Model based on statistical theory: Abdel-Aty et al propose matching case-to-logistic regression models, Xu et al propose binary logit models to demonstrate traffic accident problems, and relate the probability of occurrence of crashes of different severity to various traffic flow characteristics obtained from detector data. Chenyufei and the like research static traffic accident prediction by adopting a grey correlation degree analysis method. Li Rong and the like research a road traffic accident frequency prediction method based on a transcoloric function, and the fitting mode does not need to consider the real-time characteristics of traffic flow. Overall, the past real-time accident risk assessment research mainly adopts a logistic regression statistical model, and such a model has the disadvantage of being in a linear function form.
Content of application
The application aims to provide a real-time traffic accident detection and early warning method based on a Seq2Seq self-encoder model, which utilizes a self-decoder to effectively extract original column characteristics of speed and flow, establishes a set of Seq2Seq self-encoder deep learning model to extract important traffic information and captures or tracks fluctuation or other characteristics under abnormal traffic changes.
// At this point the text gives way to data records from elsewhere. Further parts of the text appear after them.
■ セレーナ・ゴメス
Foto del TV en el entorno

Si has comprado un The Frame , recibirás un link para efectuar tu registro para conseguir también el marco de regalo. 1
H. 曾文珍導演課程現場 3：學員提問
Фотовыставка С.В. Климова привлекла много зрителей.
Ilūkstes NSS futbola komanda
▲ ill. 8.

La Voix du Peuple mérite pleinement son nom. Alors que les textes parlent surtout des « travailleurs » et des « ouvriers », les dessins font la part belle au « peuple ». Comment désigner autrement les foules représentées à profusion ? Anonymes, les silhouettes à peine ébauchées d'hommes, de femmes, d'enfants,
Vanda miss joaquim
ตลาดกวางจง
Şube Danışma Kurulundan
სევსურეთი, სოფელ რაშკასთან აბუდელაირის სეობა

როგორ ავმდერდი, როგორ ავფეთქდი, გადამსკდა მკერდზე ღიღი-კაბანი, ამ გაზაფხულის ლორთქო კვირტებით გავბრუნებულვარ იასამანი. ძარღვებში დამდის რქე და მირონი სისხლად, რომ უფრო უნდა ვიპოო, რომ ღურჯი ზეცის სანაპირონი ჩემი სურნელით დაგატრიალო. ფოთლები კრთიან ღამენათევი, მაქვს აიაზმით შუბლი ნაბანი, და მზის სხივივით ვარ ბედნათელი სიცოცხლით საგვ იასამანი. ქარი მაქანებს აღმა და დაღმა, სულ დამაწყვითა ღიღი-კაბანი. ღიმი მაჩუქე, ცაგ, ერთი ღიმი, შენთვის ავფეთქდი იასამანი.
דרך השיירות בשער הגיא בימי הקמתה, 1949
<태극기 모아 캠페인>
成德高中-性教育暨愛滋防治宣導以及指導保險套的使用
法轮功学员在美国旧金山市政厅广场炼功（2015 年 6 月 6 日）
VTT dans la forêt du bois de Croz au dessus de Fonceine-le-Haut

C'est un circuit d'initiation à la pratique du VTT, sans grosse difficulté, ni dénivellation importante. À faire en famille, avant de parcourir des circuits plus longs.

In addition, the invention respectively determines the prediction and input window errors in each time period, respectively gives the traffic accident threshold value of each road section according to the time period, and finally captures the abnormal traffic state before and after the accident and realizes the early warning and detection of the traffic accident.
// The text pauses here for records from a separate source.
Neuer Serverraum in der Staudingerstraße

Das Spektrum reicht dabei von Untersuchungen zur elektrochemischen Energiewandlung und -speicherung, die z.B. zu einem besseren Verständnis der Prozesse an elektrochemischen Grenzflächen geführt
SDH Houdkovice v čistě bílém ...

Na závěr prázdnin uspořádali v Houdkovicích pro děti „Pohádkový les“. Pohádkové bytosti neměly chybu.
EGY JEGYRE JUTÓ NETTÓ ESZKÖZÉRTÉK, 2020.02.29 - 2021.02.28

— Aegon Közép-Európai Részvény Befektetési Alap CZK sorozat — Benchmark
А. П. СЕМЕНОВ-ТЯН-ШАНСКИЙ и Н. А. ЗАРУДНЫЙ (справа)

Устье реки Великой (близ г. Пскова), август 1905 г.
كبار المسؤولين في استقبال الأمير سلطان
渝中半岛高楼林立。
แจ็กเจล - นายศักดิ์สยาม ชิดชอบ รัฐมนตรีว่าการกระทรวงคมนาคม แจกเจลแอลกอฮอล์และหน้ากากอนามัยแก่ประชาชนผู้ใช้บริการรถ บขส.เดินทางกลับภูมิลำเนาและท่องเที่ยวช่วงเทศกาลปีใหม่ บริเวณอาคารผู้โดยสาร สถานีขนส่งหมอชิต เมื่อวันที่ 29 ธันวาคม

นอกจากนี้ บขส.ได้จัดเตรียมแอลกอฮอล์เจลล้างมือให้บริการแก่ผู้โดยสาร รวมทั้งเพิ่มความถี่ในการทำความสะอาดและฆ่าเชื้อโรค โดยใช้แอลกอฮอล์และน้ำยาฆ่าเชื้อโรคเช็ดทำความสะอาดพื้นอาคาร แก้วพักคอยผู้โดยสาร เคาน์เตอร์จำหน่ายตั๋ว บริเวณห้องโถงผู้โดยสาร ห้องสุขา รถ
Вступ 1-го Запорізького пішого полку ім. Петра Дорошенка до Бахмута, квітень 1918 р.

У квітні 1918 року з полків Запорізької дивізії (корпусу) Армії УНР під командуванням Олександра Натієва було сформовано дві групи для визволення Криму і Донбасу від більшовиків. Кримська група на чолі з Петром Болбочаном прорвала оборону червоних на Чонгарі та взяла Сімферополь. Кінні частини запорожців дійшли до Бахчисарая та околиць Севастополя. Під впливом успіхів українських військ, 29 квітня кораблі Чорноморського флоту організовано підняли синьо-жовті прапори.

In order to achieve the purpose, the application is realized by the following technical scheme:
a real-time traffic accident detection and early warning method based on a Seq2Seq self-encoder model comprises the following steps:
directly extracting original traffic flow and speed sequence data from a Seq2Seq model of an encoder by using an embedded bidirectional long-short term memory network (Bi-LSTM);
in order to meet the network input form of the recurrent neural network in deep learning, a sliding window needs to be constructed and a feature matrix of the traffic flow on a road section needs to be reconstructed. Establishing a data input window in an Autoencoder (Autoencoder), and encoding a feature vector of a flow and speed sequence input in a detection window W at a certain moment into a semantic vector C with a fixed size through a bidirectional long-short term memory network (Bi-LSTM) Autoencoder so as to guide the generation of a predicted value of each step in a prediction sequence;
taking the final hidden layer state H of the nonlinear mapping of the long short-term memory network (LSTM) in the reverse direction of the encoder as the initial state of the decoder;
the bidirectional long-short term memory network (Bi-LSTM) self-decoder continuously generates dynamic semantic vector C through the adjustment of an intermediate Attention Mechanism (Attention Mechanism)i
The decoder uses the decoder initial state, semantic vector CiAnd step length siEach time point recurrently generates a continuous characteristic sequence in the original window, thereby obtaining a predicted reconstruction window W0
Calculating a detection window W and a prediction window W at each moment0The total mean square error MSE of the reconstruction error is taken as the reconstruction error;
and setting a threshold value, and judging whether the window belongs to an abnormal window or a normal window. The features under normal and abnormal traffic states are significantly different, so the weight distribution of the normal traffic state feature and the abnormal traffic state feature is different, that is, the weight distribution of the normal traffic state feature extracted by the attention mechanism is a representative feature, and the weight distribution of the abnormal traffic state feature is a non-representative feature. Therefore, the reconstruction error MSE of the model is very large for the input abnormal traffic sequence data. Beyond the decision threshold, the model will identify the time window as an anomalous window. This indicates that there may be an abnormality in the traffic state, and thus the purpose of detecting the abnormal traffic state is more effectively achieved.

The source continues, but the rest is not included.